TASK TO COMPLETE: The required output is the lines from the one with "田阪 庄滋さんの総格は32画の5点!" through the end of the data, repeated verbatim, with no pictures included.

Records drawn from a dataset:
★ ★ ★ ★

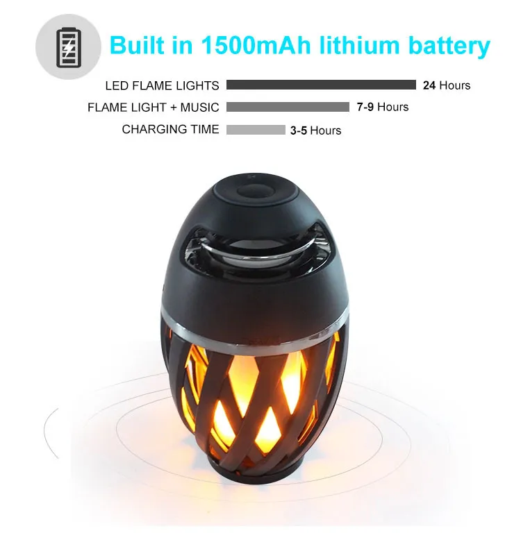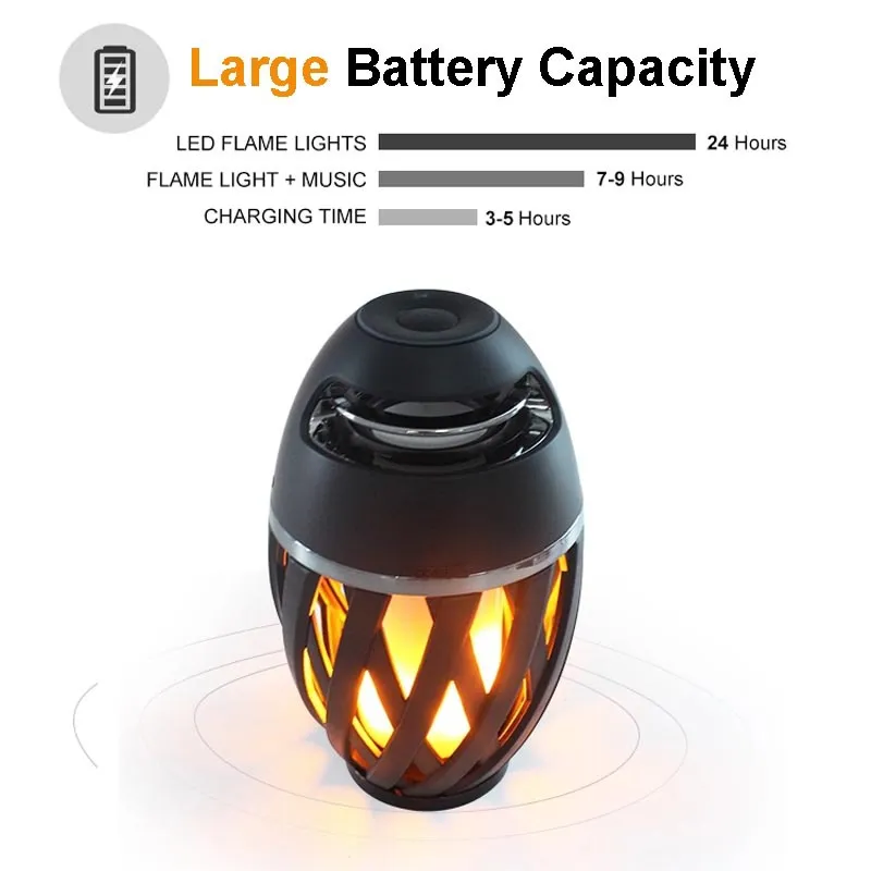 The Flight-Carrying Flame Bluetooth Speaker Box is equipped with a rechargeable battery that offers long hours of music playback and lighting. The battery ensures that you can enjoy your favorite music and the calming flame light without constantly needing to plug in the speaker. The efficient battery allows for hours of uninterrupted enjoyment.
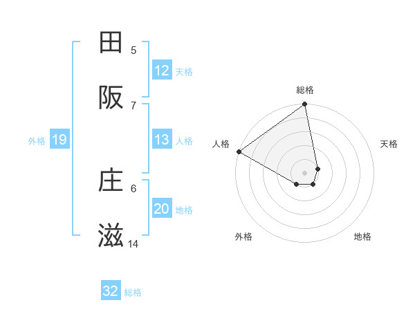 田阪 庄滋さんの総格は32画の5点!
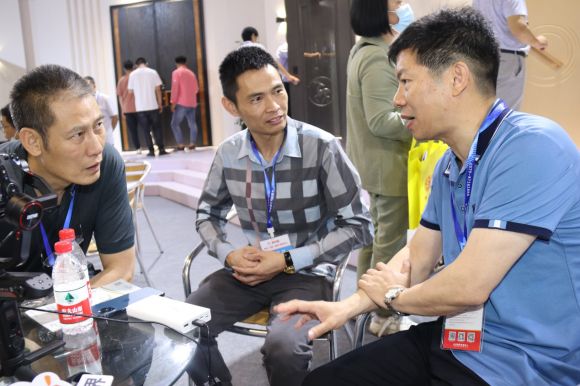 周天金董事长(左)、胡旭总经理(中)与邱日祥主任(右)深入交谈
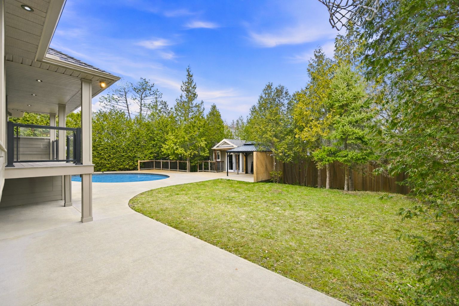 • Backyard oasis featuring a saltwater pool, outdoor wet bar, and multiple seating areas.
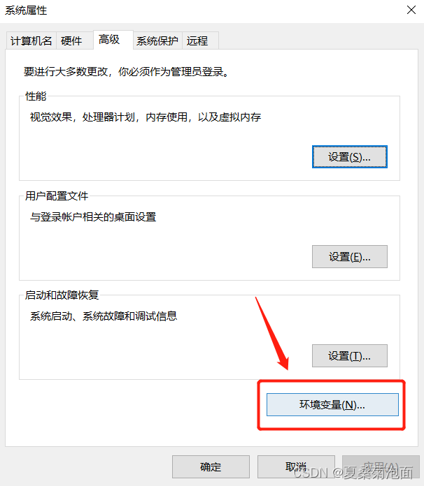 - “此电脑”右击选择“属性”,点击“高级系统设置”,再点击“环境变量”
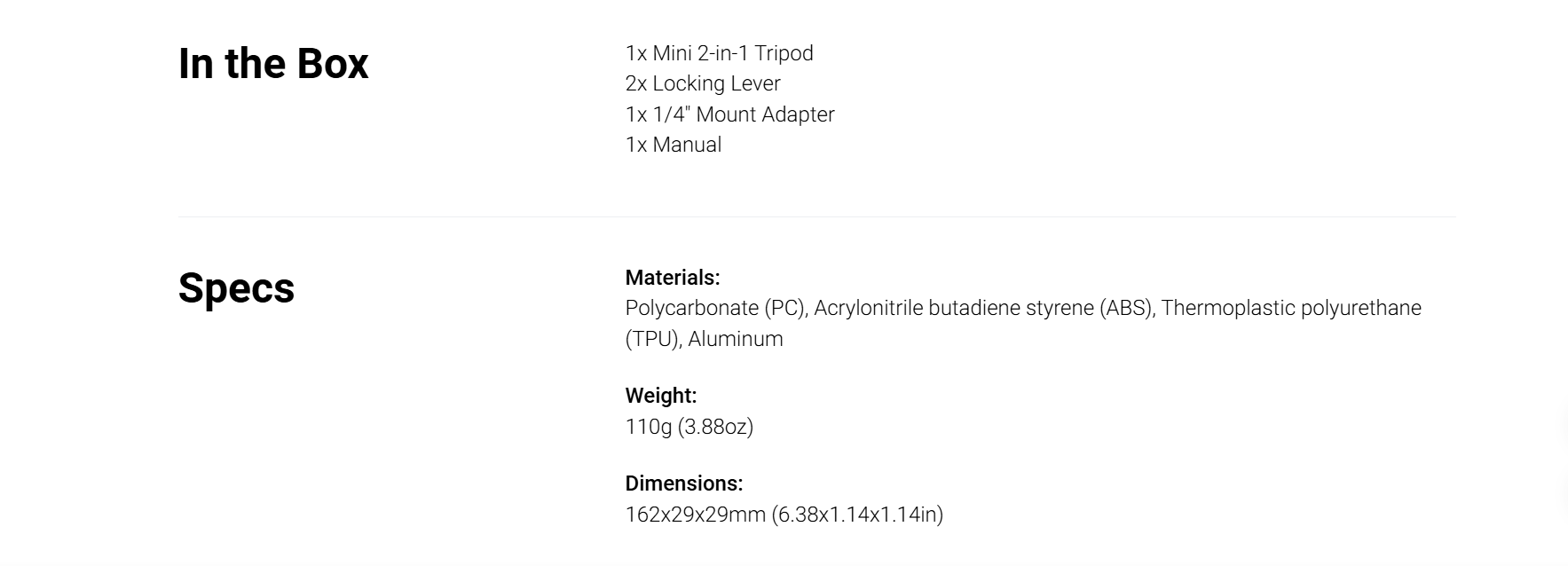 - Includes: 1x Mini 2-in-1 Tripod, 2x Locking Lever, 1x 1/4" Mount Adapter, 1x Manual.

★ ★ ★ ★

TASK RESULT:
 田阪 庄滋さんの総格は32画の5点!
 周天金董事长(左)、胡旭总经理(中)与邱日祥主任(右)深入交谈
 • Backyard oasis featuring a saltwater pool, outdoor wet bar, and multiple seating areas.
 - “此电脑”右击选择“属性”,点击“高级系统设置”,再点击“环境变量”
 - Includes: 1x Mini 2-in-1 Tripod, 2x Locking Lever, 1x 1/4" Mount Adapter, 1x Manual.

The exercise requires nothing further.